The Common Misconception About Marketing

May 20, 2009 |

Just the other night I was catching up with old friends, when someone asked me what exactly I did for a living? I replied with my usual response “I help run the marketing department at a marketing consulting company.” I went on to tell everyone about the current projects I was working on and what that entailed. I must have bored them because a friend looked at me and said, “Gosh, I thought PR was supposed to be fun.”

At first, I tried hard not to laugh, but the more I thought about it, the more I realized there are many people who look at marketing as one-dimensional. They might believe marketing communications means buying promotional items or planning events and parties. In reality marketing is one of the more broad-ranged and diverse professions.

Maybe there is a big misconception that marketing is all fluff. The general public usually only sees the end result of a marketing effort: the funny commercial, the elaborate website, the eye-catching packaging, the YouTube sensation. But, really there is a lot that goes on behind the scenes!

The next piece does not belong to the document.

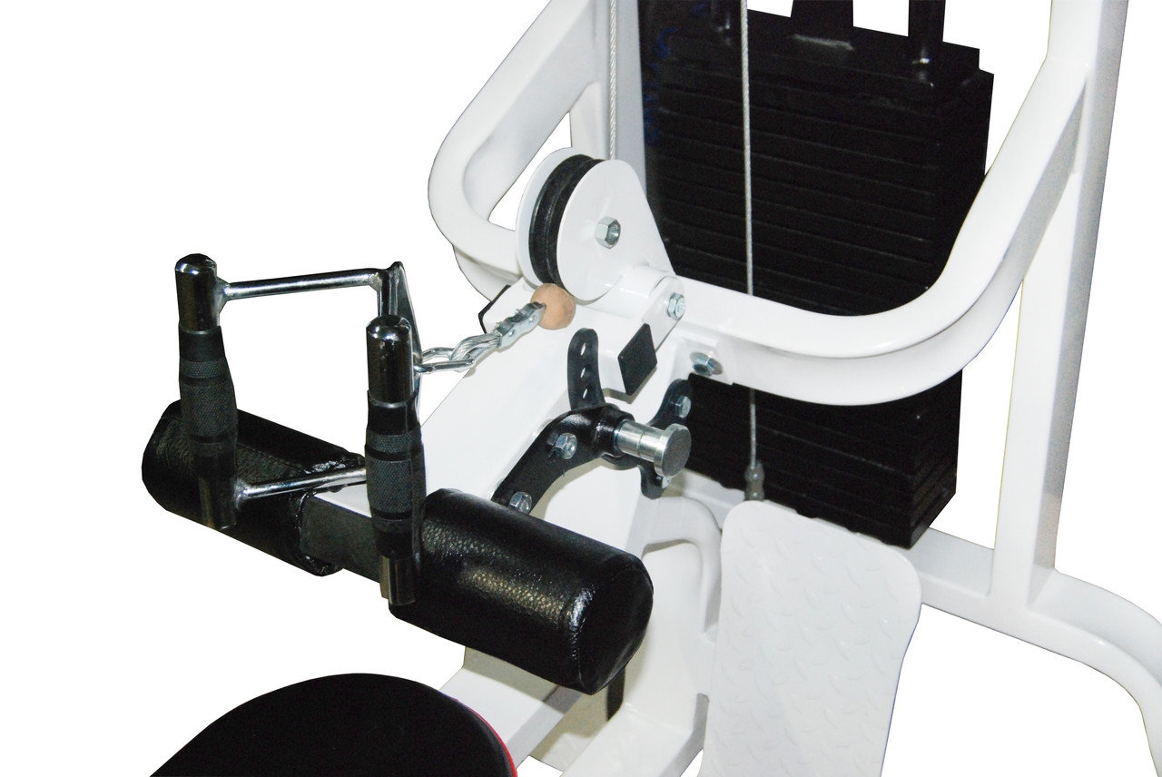 Обидві тяги задіяні одночасно і не вимагають перестановок .. У вузлах тренажера встановлені підшипники, завдяки яким значно збільшується ресурс роботи, поліпшується плавність і легкість ходу. В конструкції використана технологія TRIPLE FULCRUM, завдяки якій тренажер завжди має відмінну стійкість, навіть на нерівній підлозі. Напівавтоматичний фіксатор дозволить миттєво налаштувати упори для ніг під себе. У плитках стека встановлені пластикові ущільнення для поліпшення ковзання по нержавіючим напрямних.

Let’s use creating a commercial as our example.

People forget it took creative marketers to come up with the winning idea. It took copywriters to write the script for the commercial. It took strategic planning marketers to develop a story board. It took marketers with project management experience to coordinate the sound technicians, the videographers, and the producers. It took marketing researchers to determine the appropriate target audience. It took marketers skilled in marketing analytics to develop a strategy for testing the effectiveness of the advertisement. It took social media marketers to make the advertisement a viral success online.

My point in all of this is that marketing is a multi-faceted discipline that takes the personalities and traits of a diverse group of people. Marketing isn’t a one-man job where well-executed campaigns magically appear. It requires many people, countless areas of expertise, and thorough planning/analysis.

Has anyone shared a similar experience?